---
name: browser-screenshot-diff
description: Visual + DOM diff between two recorded sessions at matching trajectory step ids; used for visual regression and replay verification
argument-hint: "<session-id-a> <session-id-b> [--threshold <0..1>] [--mode pixel|dom|both]"
allowed-tools: mcp__claude-flow__browser_eval Bash Read Write
---

# Browser Screenshot Diff

Compare two recorded sessions step-by-step. Pairs each step in session A to the same `step-id` in session B, diffs the captured screenshot and accessibility snapshot, reports the first divergence and an aggregate similarity score.

## When to use

- Visual regression after a UI change (record before, record after, diff).
- Verifying a `browser-replay` run matches the parent session within tolerance.
- Comparing two A/B variants of the same form flow.

## Steps

1. **Locate both RVF containers**:
   ```bash
   npx -y ruvector@0.2.25 rvf status <session-id-a>.rvf
   npx -y ruvector@0.2.25 rvf status <session-id-b>.rvf
   ```
2. **Load both trajectories** from `trajectory.ndjson`. Build a `step-id → (screenshot_path, snapshot_path)` map for each.
3. **Pair steps** by `step-id`. Steps that exist on only one side are flagged as `unmatched` and contribute to the divergence score.
4. **Pixel diff** (`--mode pixel|both`): compare the two PNGs at each step. Report `mse`, `psnr`, and the bounding box of the largest diff cluster. Threshold default `0.02` (2% of pixels).
5. **DOM diff** (`--mode dom|both`): compare the accessibility snapshots node-by-node. Report added / removed / changed nodes with their accessible names.
6. **Aggregate similarity**: weighted average across matched steps, weighted by step duration.

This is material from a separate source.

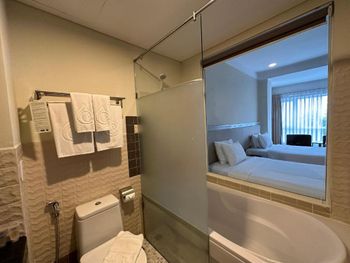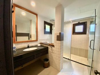 Заселились в этот отель почти случайно. Бронировали другой, а приехав туда обнаружили рядом шумную стройку и крыс. В турбо-режиме ночью нашли Sandy Beach. Все понравилось, кроме процесса заселения. У меня в аккаунт скидка от booking.com. И сотрудник на стойке регистрации(мужчина примерно 40-50 лет) сначала не увидел нашего бронирования, потом долго возмущался "почему дешево", потом возился 2 часа с заселением. В итоге отель-то классный, но первое впечатление не очень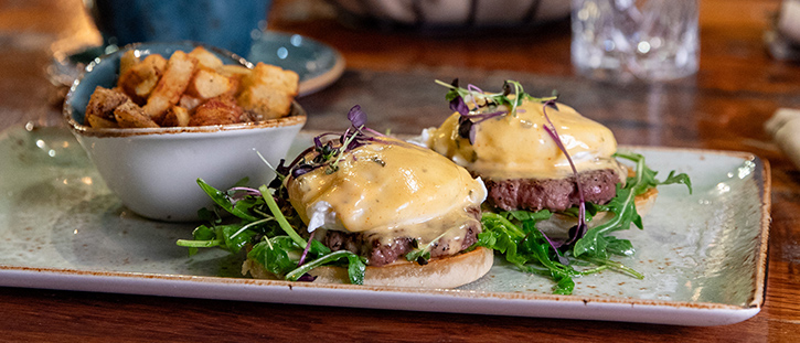 grilled filet, poached eggs, toasted english muffin, arugula, béarnaise sauce, microgreens *Eggs, salmon, hamburgers and steaks may be served raw or undercooked. Consuming raw or undercooked meats, poultry, seafood, shellfish, or eggs may increase your risk of foodborne illness. Listed weights are measured before cooking

Verdict goes into a new `findings.md` under a fresh RVF container so the diff itself is replayable.
7. **Persist** the diff verdict in `browser-sessions` under both source ids' tags so future searches surface "ran a diff against session X".

## Caveats

- Pixel diff is sensitive to font hinting, antialiasing, and scrollbar position. Keep viewport pinned across both sessions.
- DOM diff over Playwright's accessibility tree is more stable than HTML diff. Prefer it.
- This skill does not handle dynamic content (clocks, ads); add ignore regions to the field map or pre-process snapshots before diffing.
- The `browser_screenshot_diff` MCP tool is **not** planned (ADR-0001 §7); the skill operates against locally-saved RVF artifacts and uses `browser_eval` only for live verification.